Department of Chemical Physics, Hefei National Laboratory for Physical Sciences at the Microscale, University of Science and Technology of China , Hefei 230026, P. R. China.
J Phys Chem B. 2017 Aug 3;121(30):7366-7372. doi: 10.1021/acs.jpcb.7b04314. Epub 2017 Jul 24.
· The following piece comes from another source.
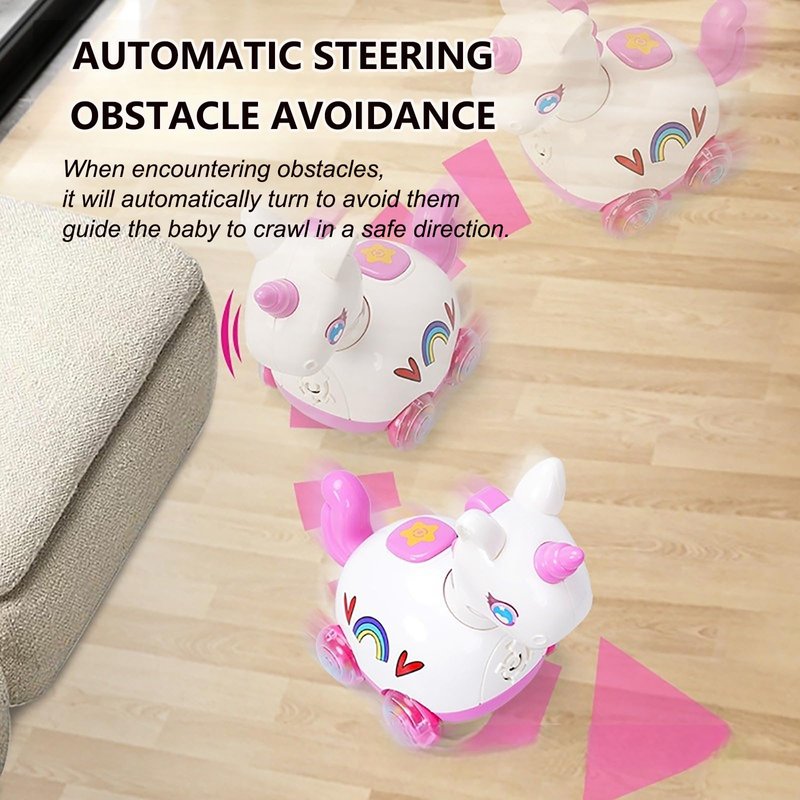 - 【Safe Crawling Assistance】 With built-in automatic obstacle avoidance, this toy smoothly navigates around barriers, guiding your baby safely as they crawl and explore. This feature ensures that your baby remains on a secure path, encouraging independent movement while avoiding potential hazards.

Macromolecular crowding could influence the binding affinity of the polyzwitterion-conjugated proteins. Herein, the hydrolysis of N-succinyl-Ala-Ala-Pro-Phe p-nitroanilide by the poly(carboxybetaine) conjugated α-chymotrypsin (PCT) was employed as a model system to investigate the modulation of the binding affinity of the polyzwitterion-conjugated proteins by the ion-specific effects in the crowded environments. In comparison with the bare α-chymotrypsin (BCT), the binding affinity of the PCT to the peptide is stronger in the dilute solutions but becomes weaker in the crowded environments. Our study demonstrates that the kosmotropic Ac anion is incapable of achieving a stronger enzymatic binding affinity of the PCT than the BCT in the highly crowded environments. By contrast, the binding affinity of the PCT can be enhanced to be stronger than that of the BCT by the chaotropic SCN anion in the crowded environments.
大分子拥挤可能会影响聚两性离子缀合蛋白的结合亲和力。在此,通过聚(羧基甜菜碱)缀合的α-糜蛋白酶(PCT)水解 N-琥珀酰基-丙氨酸-丙氨酸-脯氨酸对硝基苯胺作为模型体系,研究了在拥挤环境中离子特异性效应对聚两性离子缀合蛋白结合亲和力的调节。与裸α-糜蛋白酶(BCT)相比,PCT 与肽的结合亲和力在稀溶液中较强,但在拥挤环境中较弱。我们的研究表明,在高拥挤环境中,亲水分子 Ac 阴离子不能使 PCT 比 BCT 具有更强的酶结合亲和力。相比之下,在拥挤环境中,离于 SCN 阴离子可以增强 PCT 的结合亲和力,使其强于 BCT。